* _Exercise aim_:
Retype every line from the top of the entries down to the one with "Rustic Wood L", both included, and skip the pictures.

Segment Start: Records to use

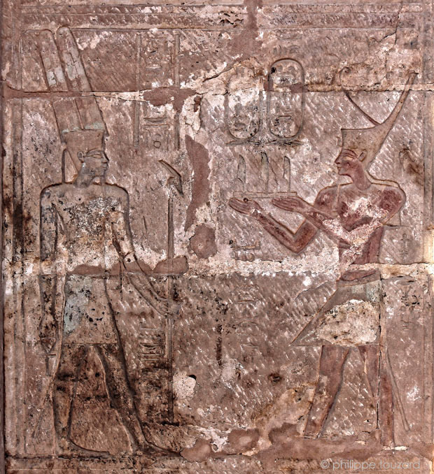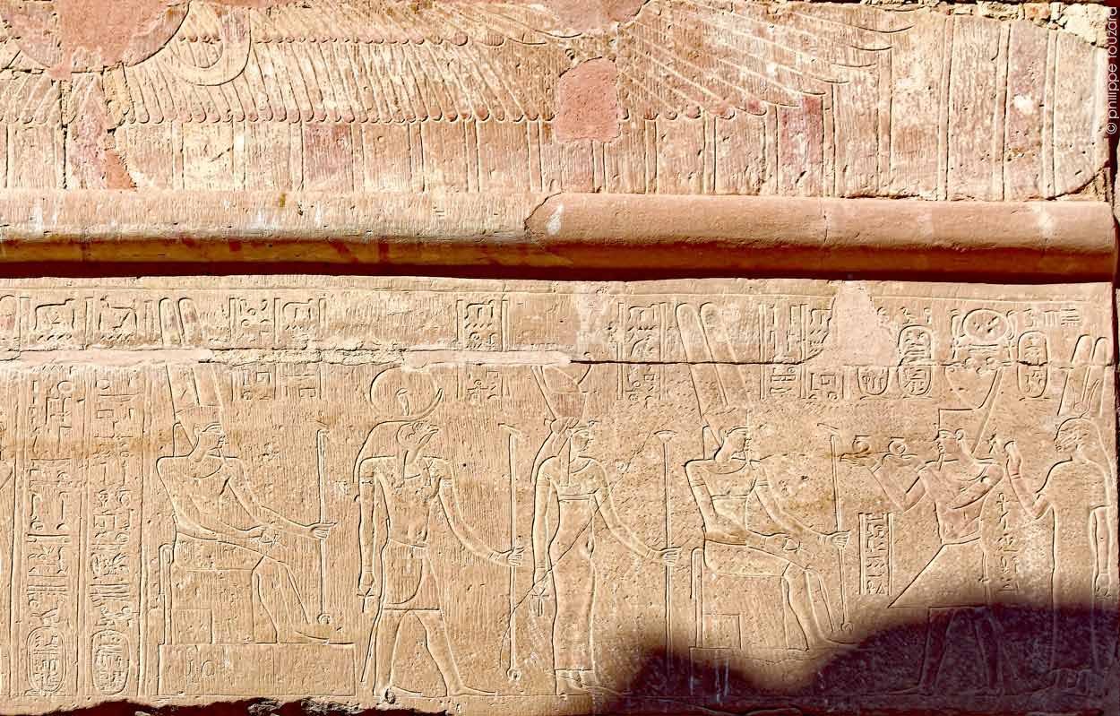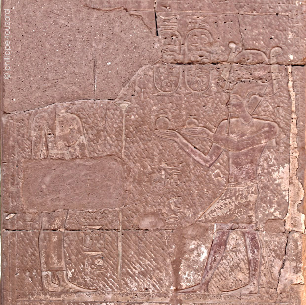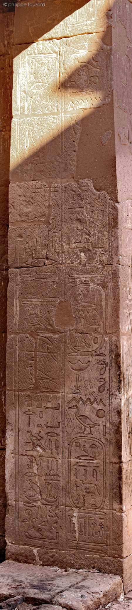 L'embrasure gauche contient un texte condernant Bérénice II et le nom d'Horus de Ptolémée III.
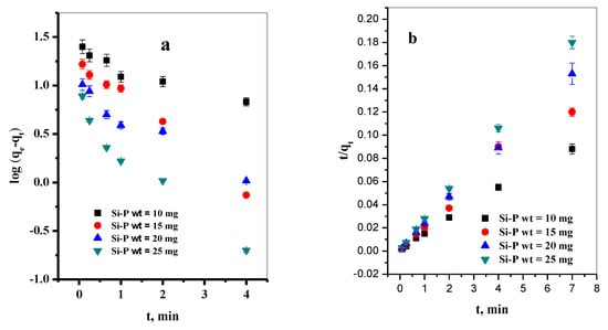 The kinetics of the MB dye adsorption on the P@SiO2 nanocomposite for various P@SiO2 nanocomposite doses were tested in contact times ranging from 0.0 to 7.0 min, and the results obtained are illustrated in Figure 5a,b. The calculated kinetic parameters are summarized in Table 1. As shown in Table 1, the correlation coefficient (R2) related to the pseudo-second-order is higher than that obtained for the pseudo-first-order. Moreover, the calculated maximum adsorption capacity for the pseudo-second-order matches well with the experimental data. This indicated that the adsorption kinetics of various P@SiO2 nanocomposite doses were described very well with the pseudo-second-order. For this model, it is suggested that the rate-limiting step might be chemical adsorption for the adsorption of MB dye onto P@SiO2 nanocomposite [].
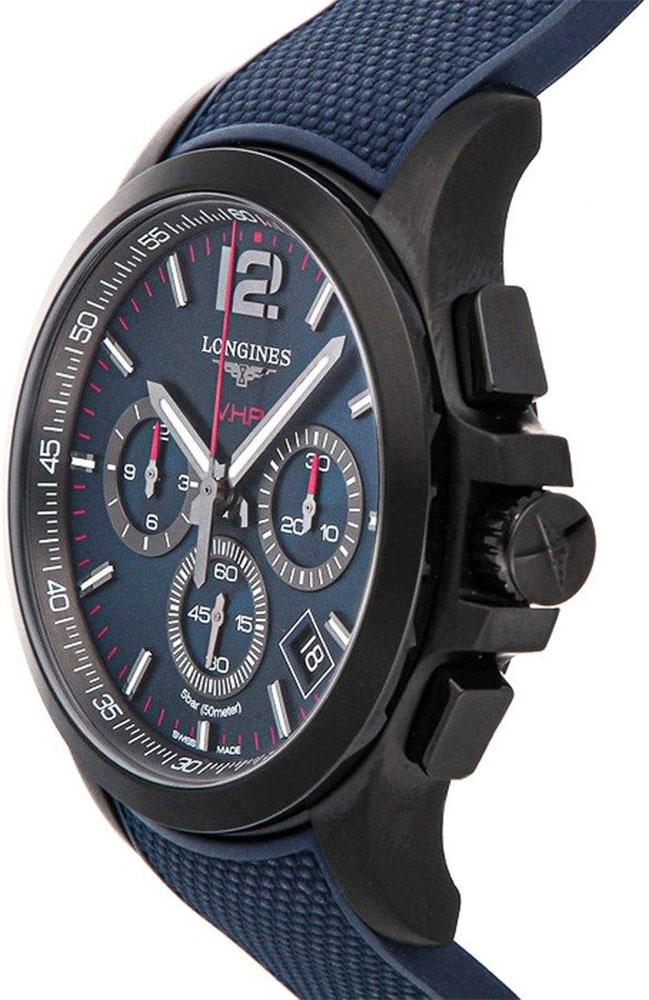 Like all of our watches, this Longines Conquest V.H.P. Chronograph Black PVD Blue Rubber Strap Blue Dial Perpetual Calendar Date Quartz Mens Watch is brand new and comes in its original packaging.
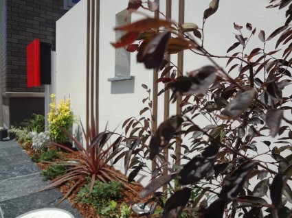 色鮮やかなおしゃれな花壇スタイリッシュな新築外構エクステリア工事に緑のスペースを設け彩り豊かな植栽や草花などの可愛らしいグリーンが映える魅力的な花壇になりました。少しのスペースでも立派に育ってくれます、背景のホワイトカラーが花壇の草花をより一層美しく感じられます。
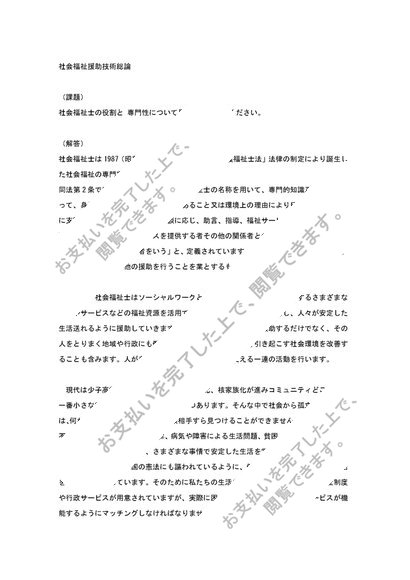 *社会福祉援助技術総論1単位 役割と専門性について具体的に論じよ
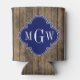 Rustic Wood L Planks #1 Navy Quatrefoil 3 M'gram Can Cooler
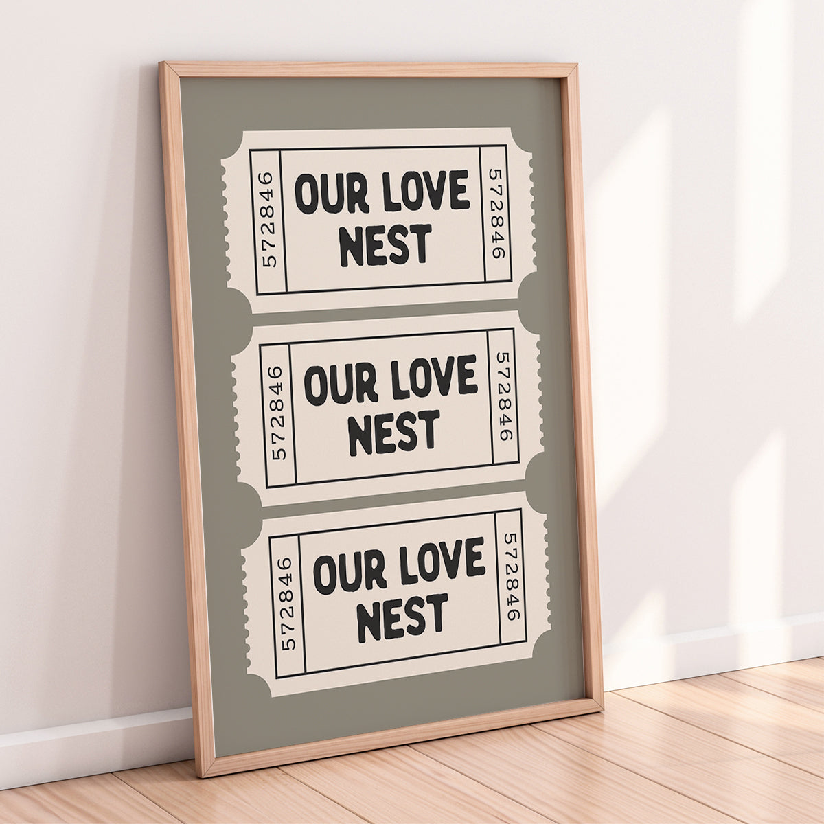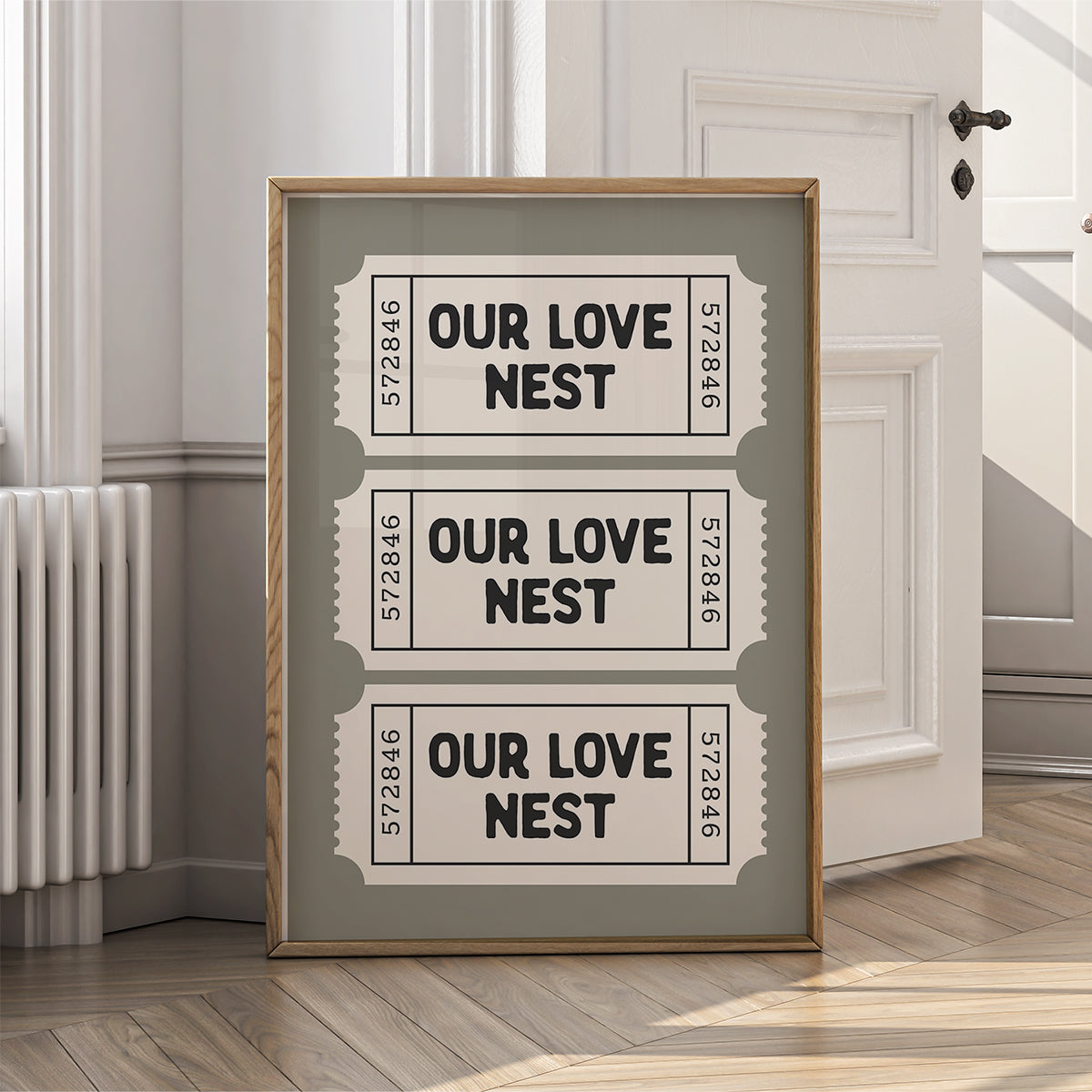 A charming retro style ticket stub print featuring the sweet phrase “Our Love Nest”. Designed with vintage inspired borders and hand drawn lettering, this print brings warmth and personality to bedrooms, living spaces or cosy couple corners.
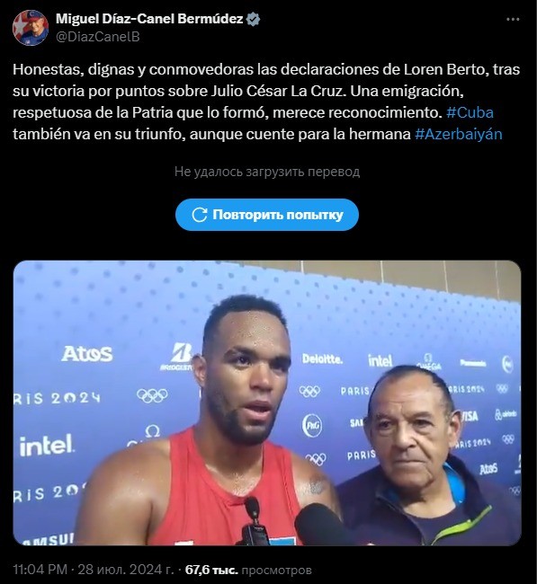 Kuba prezidenti Migel Dias-Kanel Bermudes Azərbaycan boksçusu Alfonso Dominqesin Paris-2024 Yay Olimpiya Oyunlarında ilk qələbəsindən sonra verdiyi müsahibəyə münasibət bildirib.
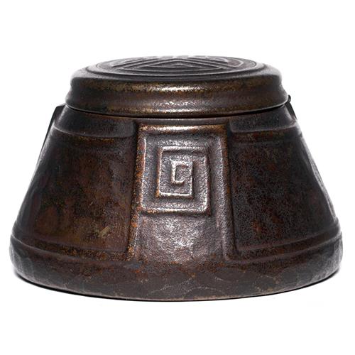 Tiffany Studios inkwell, flaring form in bronze in an Indian pattern, original patina, signed Tiffany Studios New York #1112, has glass insert,5in.w x 3.5in.h
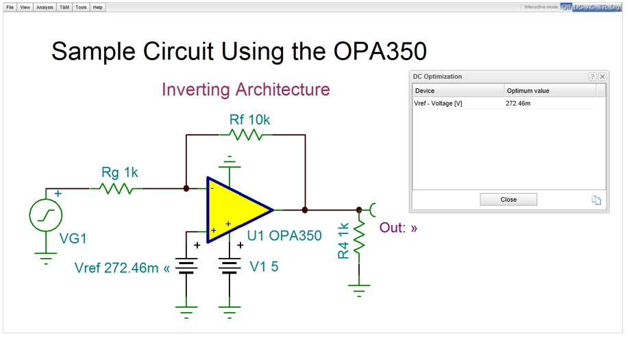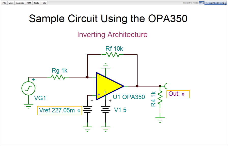 OPA350 Circuit Simulation with TINACloud
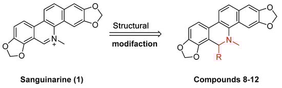 Existing research has confirmed that the hydroxymethyl group at the C-6 position of benzophenanthridine alkaloids takes on a critical significance to cellular activity, and the introduction of different groups at the C-6 position can change their activity (Figure 3 and Figure 4) [45]. For instance, the introduction of malonate, dialkylphosphite, and nitroalkanes significantly enhances their cytotoxicity. Furthermore, derivatives (8–12) (Table 1) obtained after the insertion of the electron-donating group at the C-6 position by sanguinarine exhibit higher cellular activity than those of chelerythrine (13–16) (Table 2).
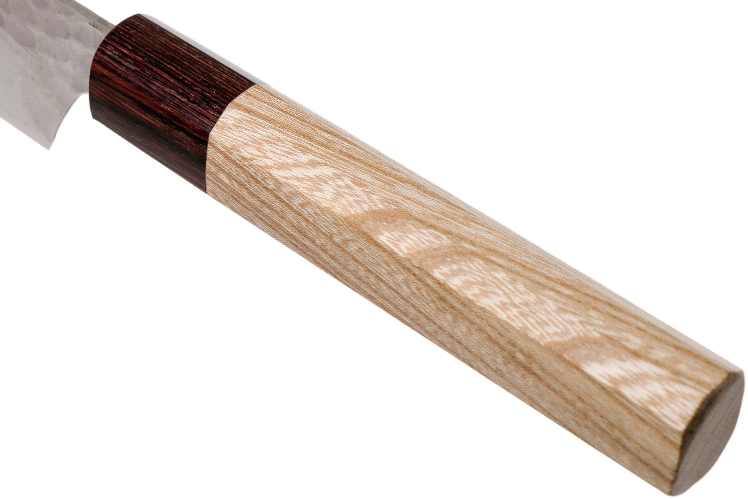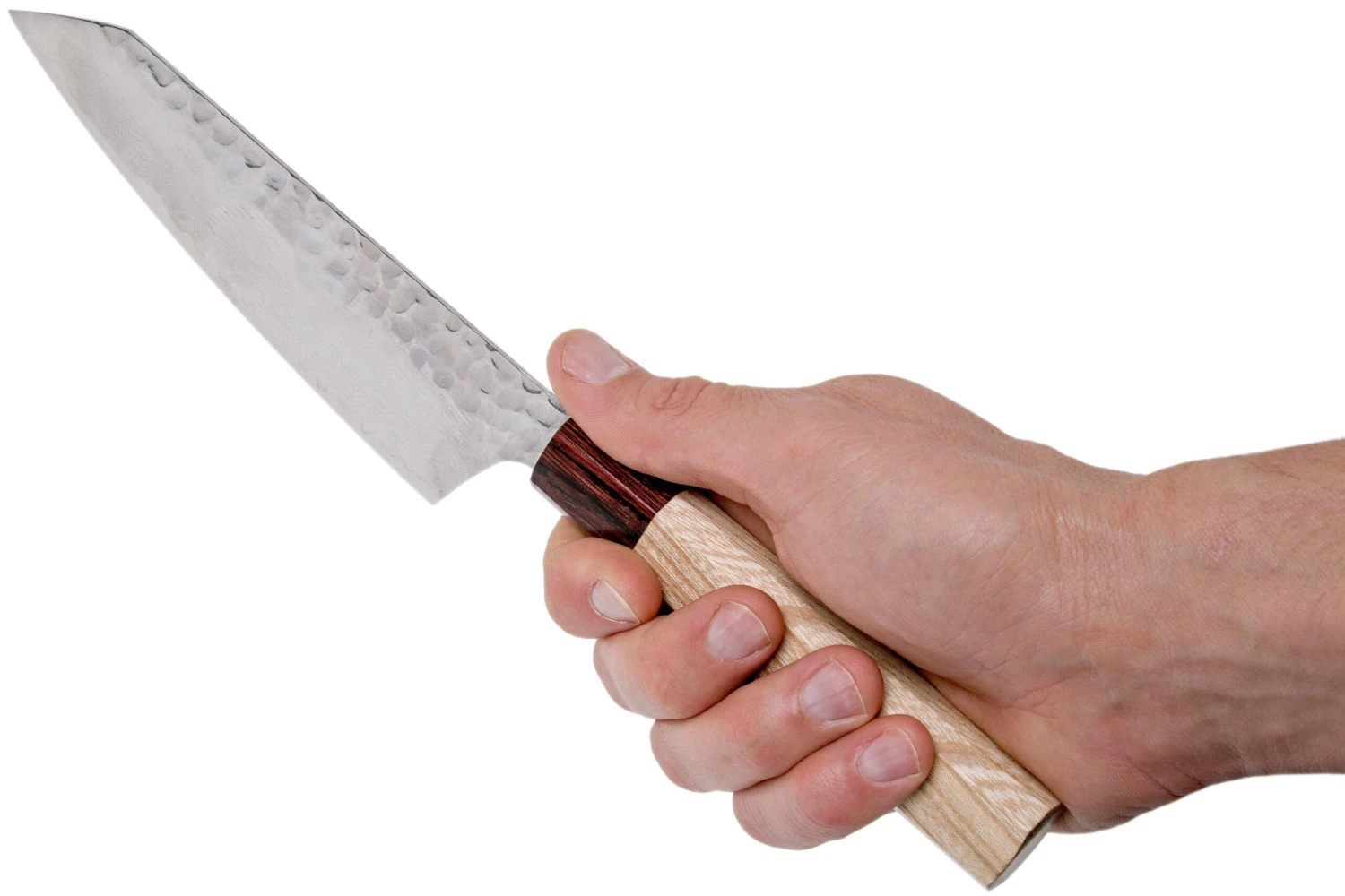 Ce couteau bunka Sakai Takayuki de la gamme 33-layer VG-10 Damascue Hammered WA a une lame kengata. Ce mot signifie »lourdement réfléchi » et fait référence à la forme de la lame qui s’incline brusquement à son extrémité. Ce couteau peur être considéré comme un membre de la famille des santoku. Grâce à sa pointe étroite vous pouvez couper la viande, le poisson et les légumes très finement.
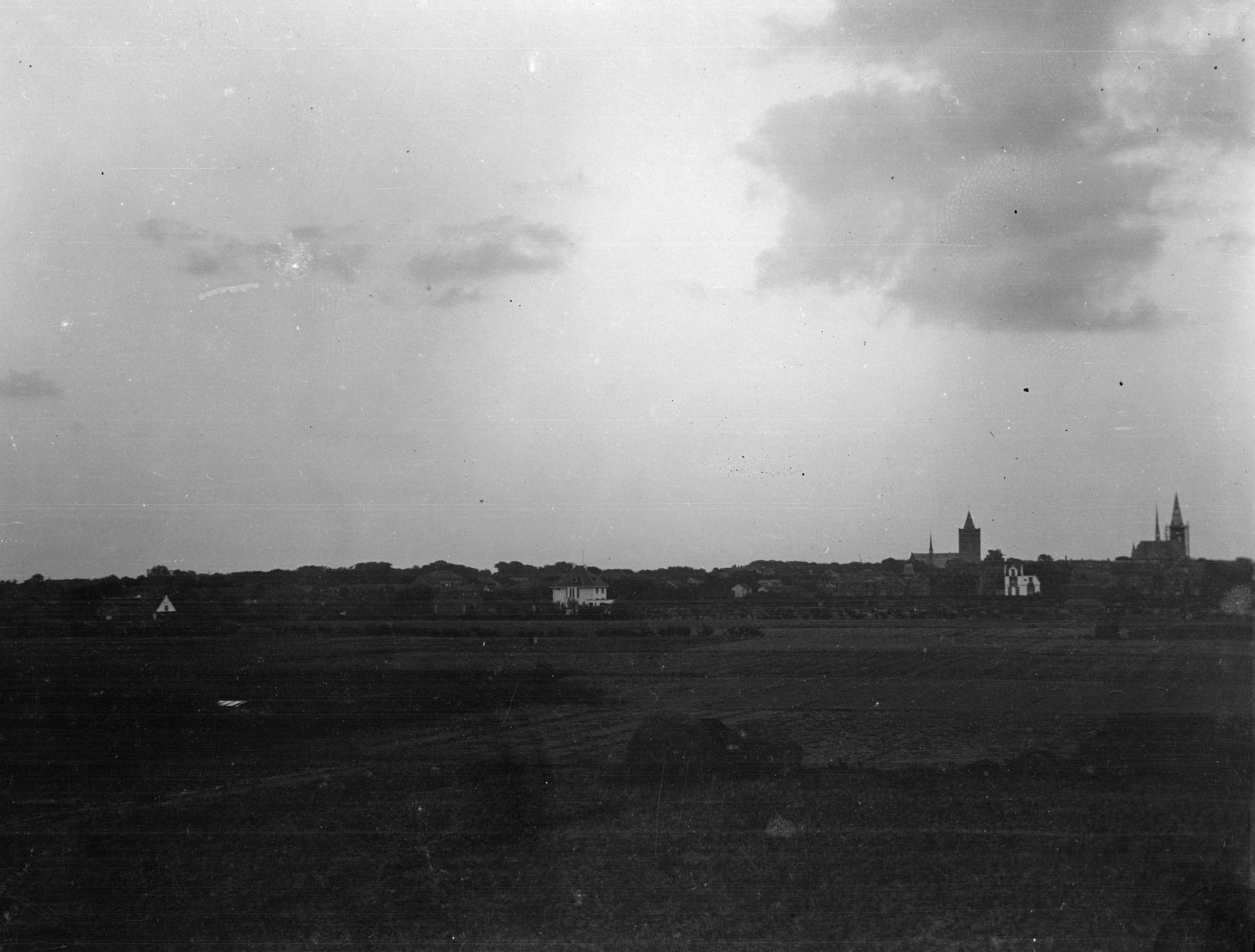 Noordwijk, gezien vanaf het Dobbelmannduin. Geheel rechts de Sint Jeroenskerk, links …
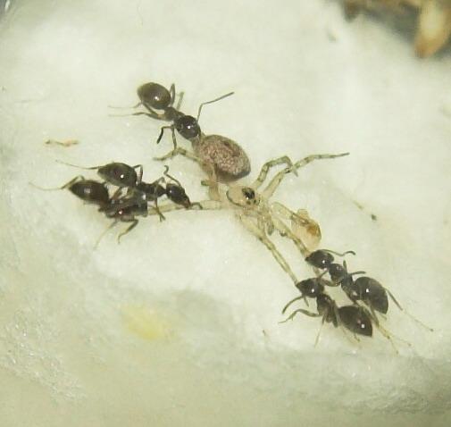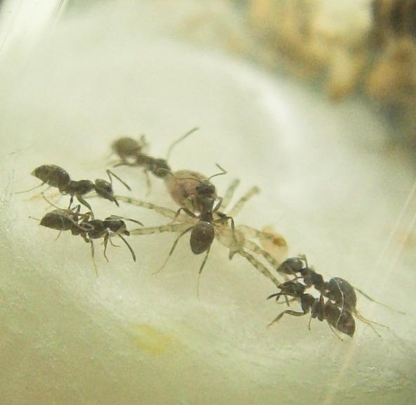 Первое мгновение паук пронесся по матке с расплодом, началась паника, но буквально через несколько секунд один рабочий ухватил его за ногу, тут же подсуетились остальные. Несмотря на то что они первый раз видели другое насекомое, была применена стандартная тактика "распятие", обратите внимание на симметричность расположения: по двое сбоку, один сзади, передний же подгибал брюшко к голове паука (кислота?). Уж не знаю, что они там делали, но через пару минут паук уже не подавал признаков жизни. Свалив добычу они начали её разделывать, через ещё несколько минут подтянулась матка собственной персоной)

Segment End: Records to use

* _Response to this task_:
 L'embrasure gauche contient un texte condernant Bérénice II et le nom d'Horus de Ptolémée III.
 The kinetics of the MB dye adsorption on the P@SiO2 nanocomposite for various P@SiO2 nanocomposite doses were tested in contact times ranging from 0.0 to 7.0 min, and the results obtained are illustrated in Figure 5a,b. The calculated kinetic parameters are summarized in Table 1. As shown in Table 1, the correlation coefficient (R2) related to the pseudo-second-order is higher than that obtained for the pseudo-first-order. Moreover, the calculated maximum adsorption capacity for the pseudo-second-order matches well with the experimental data. This indicated that the adsorption kinetics of various P@SiO2 nanocomposite doses were described very well with the pseudo-second-order. For this model, it is suggested that the rate-limiting step might be chemical adsorption for the adsorption of MB dye onto P@SiO2 nanocomposite [].
 Like all of our watches, this Longines Conquest V.H.P. Chronograph Black PVD Blue Rubber Strap Blue Dial Perpetual Calendar Date Quartz Mens Watch is brand new and comes in its original packaging.
 色鮮やかなおしゃれな花壇スタイリッシュな新築外構エクステリア工事に緑のスペースを設け彩り豊かな植栽や草花などの可愛らしいグリーンが映える魅力的な花壇になりました。少しのスペースでも立派に育ってくれます、背景のホワイトカラーが花壇の草花をより一層美しく感じられます。
 *社会福祉援助技術総論1単位 役割と専門性について具体的に論じよ
 Rustic Wood L Planks #1 Navy Quatrefoil 3 M'gram Can Cooler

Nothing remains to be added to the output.